The Baby Box Project

PURPOSE

To provide essential resources to vulnerable first-time mothers

FUNDING

Fundraising plus grants, including £350,000 for 1,400 baby boxes from the North East Combined Authority from September 2024 to August 2025

BACKGROUND

The North East has the fourth highest rate of child poverty in England with around 30% of children currently living in poverty.

In 2020, Newcastle-based charity The Children's Foundation launched its Make A Million fundraising appeal to provide a “baby box” to every vulnerable mother in the region.

A box and contents were developed following consultation with parents, maternity groups and paediatricians and a 50-box pilot for teenage mothers was launched in 2022 with £15,000 funding from Gateshead Council.

More than 1,500 baby boxes have since been delivered across six areas of the North East.

ACTION

Boxes contain toys, books and essentials for daily routines such as changing and sleeping.

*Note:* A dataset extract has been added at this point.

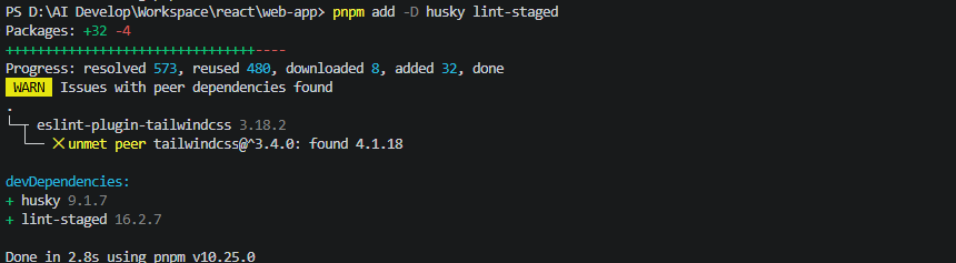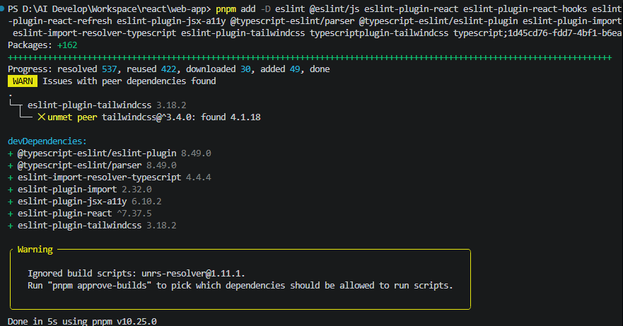 pnpm add -D eslint @eslint/js eslint-plugin-react eslint-plugin-react-hooks eslint-plugin-react-refresh eslint-plugin-jsx-a11y @typescript-eslint/parser @typescript-eslint/eslint-plugin eslint-plugin-import eslint-import-resolver-typescript eslint-plugin-tailwindcss typescript

They are designed along five key principles of early childhood care: love, read, sing, play and count, which were developed at Harvard University in the US.

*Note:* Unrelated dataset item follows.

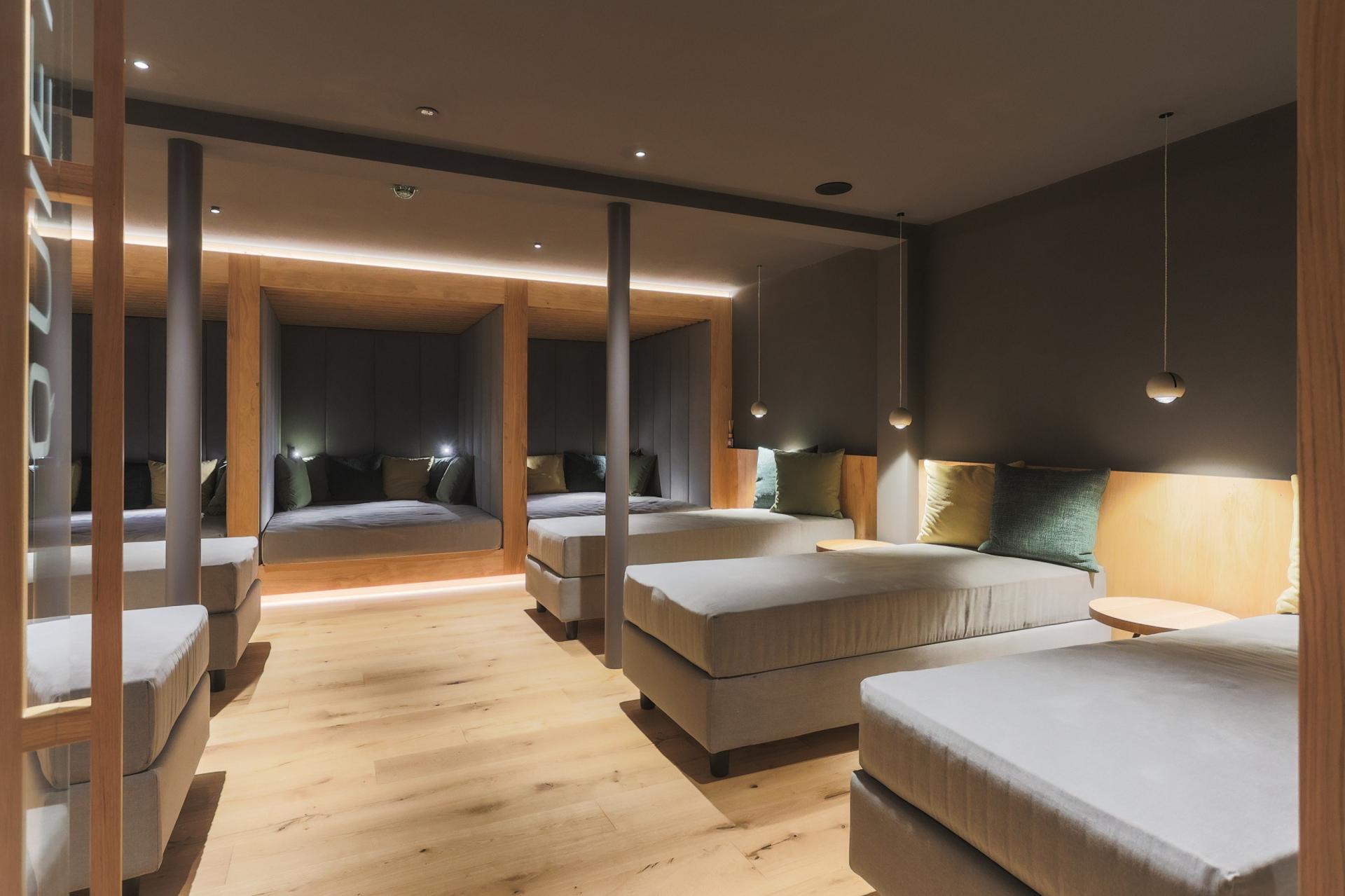 Dopo una camminata tra i meleti in fiore in primavera o tra le foglie dorate in autunno, potete rilassarvi nell’area spa e piscina con vista sui frutteti. Il calore delle saune e l’acqua della piscina vi permetteranno di concludere al meglio la vostra giornata a Naz-Sciaves.

“The boxes are not full of nappies and wipes,” explains The Children's Foundation chief executive Sean Soulsby. “This is about baby development, maternal wellbeing and bonding from day dot.”

The project is modelled on the universal baby box scheme in Scotland, which delivers boxes to expectant mothers at 32 to 36 weeks of pregnancy.

Under The Children's Foundation scheme, midwives and health visitors refer first-time mothers living in deprived areas, or those with vulnerabilities, such as teenage parents and care leavers.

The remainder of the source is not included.